Development Guide

When developing the code for your Custom Science extension, there is no interaction with Keboola required (no code configuration/approval, etc.). However, make sure you meet the following guidelines:

  • Store your extension in a private or public git repository.
  • Your application code must follow our common interface. If necessary, use Python or R libraries.
  • Provide the end-users with instructions on setting up the extension. This particularly concerns:

    • Repository information in the Runtime settings
    • Requirements on extension parameters, if relevant
    • The names of input/output files in case you are not supporting dynamic input/output mapping

See our example instructions.

Application Environment

The git repository will be cloned into /home/ directory. The current directory will be /data/. The /data/ directory is reserved for input and output mapping files. For full description see the common interface.

A single application corresponds to a single source code repository, so multiple end-users will use the same code. Should each customer use a slightly different code, use the KBC_PROJECTID environment variable; the exact project in which the application is running can be identified. The end-user has no way of modifying this value, so the control is fully on your side.

if (Sys.getenv("KBC_PROJECTID") != '123')  {
    stop("Invalid project Id")
}

Git Repository Configuration

Information about the repository with the extension code is entered into the Runtime configuration section when creating the extension configuration. It is not available to the extension itself. Both types of repositories, private and public, are supported. KBC Custom Science configuration needs to refer to a particular tag/branch of your repository; we recommend Semantic versioning.

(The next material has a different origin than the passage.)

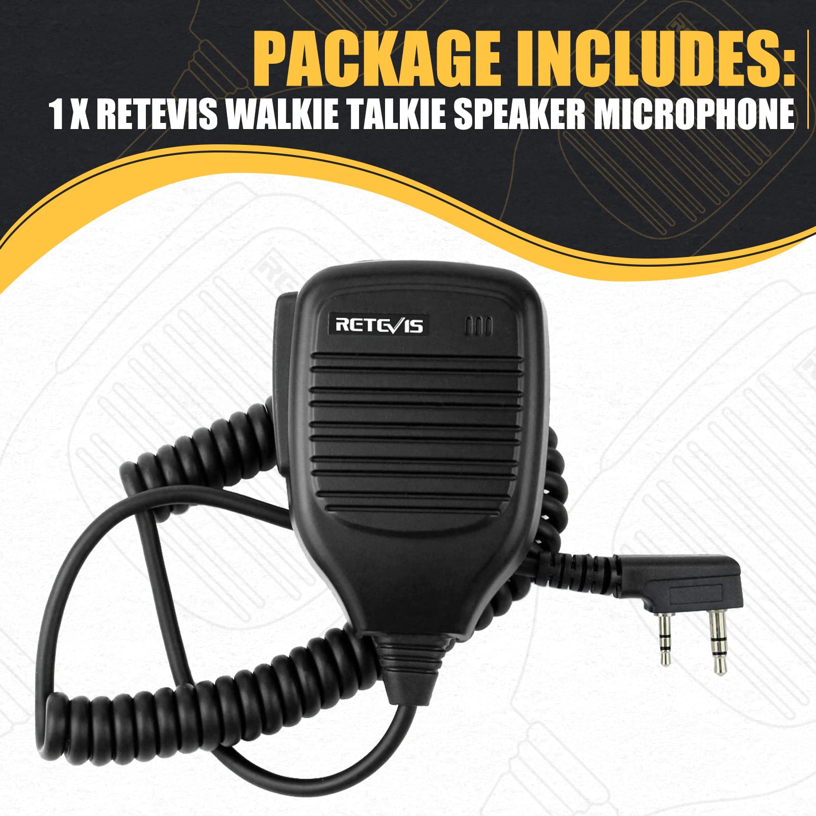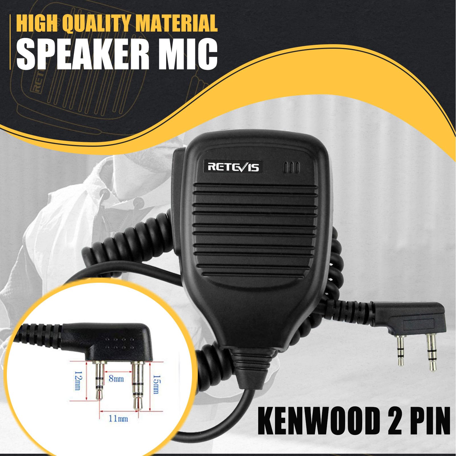 The remote mic speaker with standard 2 pin k head plug type; former pin diameter of 3.5 mm and 2.5 mm in diameter after pin, double pin from 8 mm within; allows work with most brands walkie talkies;but not compatible with Motorola and Midland two way radios

Once you run a Custom Science configuration with a particular version, the code in the specified version will be cached and it will not update from git repository any more. During development, you may specify the version as master which is not cached. You should however use this only when quickly iterating over the application code and when running the configuration manually. Using master as version is inefficient and makes it hard to trace what code has been executed.

Public Repository

For public repository, the Runtime settings contain only the repository and version specificition, e.g.:

  • Repository: https://github.com/keboola/docs-custom-science-example-basic
  • Version: 0.0.1

Private Repository

The Runtime settings for a private repository must include git credentials: an unencrypted username in the Username field, and an encrypted Password, e.g:

  • Repository: https://github.com/keboola/docs-custom-science-example-basic
  • Version: 0.0.1
  • Username: JohnDoe
  • Password: MySecretPassword

There are two main encryption options available:

  • Encryption on configuration save
  • Encryption of password beforehand

Encryption on Save

When you enter a plaintext password into the Runtime setting, it will be encrypted once the configuration has been saved. After that, the password will be shown only encrypted (e.g. KBC::ComponentProjectEncrypted==UEh3raTcaLg=). Once the password is encrypted, it cannot be decrypted. As simple as this approach may sound, there is a drawback to it: the end-user must know the password to the git repository (though only when creating the configuration).

Encryption Beforehand

If you do not wish the end-user to have an access to the git repository password, the password must be encrypted in advance; use our Encryption API. There are three more options here:

  • Base Encryption; Encrypted values will be readable in all dockerized applications.
  • Image Encryption; Encrypted values will be readable in all instances of the specific Custom Science extension. In the API call, the componentId parameter is dca-custom-science-r for R applications, dca-custom-science-python for Python 3.x, and dca-custom-science-python2 for Python 2.x. This is probably the best choice to start with in a Custom Science extension.
  • Image Configuration Encryption; Encrypted values will be readable in all instances of the specific Custom Science extension in a single project. In the API call, the componentId parameter is dca-custom-science-r for R applications, dca-custom-science-python for Python 3.x, and dca-custom-science-python2 for Python 2.x. This is the most secure way, but you need to encrypt a password for each project in which your Custom Science extension will be used. This also prevents anyone from using your application in their project unless you give them the correct encrypted string (i.e. the application configuration cannot be copied between projects).

Note: If you want to register your Custom Extension, you must use the Beforehand encryption method.

Git Repository Contents

As for the contents of your git repository, we only have a single requirement. Either main.R (for R Custom Science) or main.py (for Python Custom Science) must be present in the root of the repository. This is the actual code executed by KBC when running the extension. Otherwise the repository contents are arbitrary. However, you might want to take a look at the specific notes on implementation details for Python or R.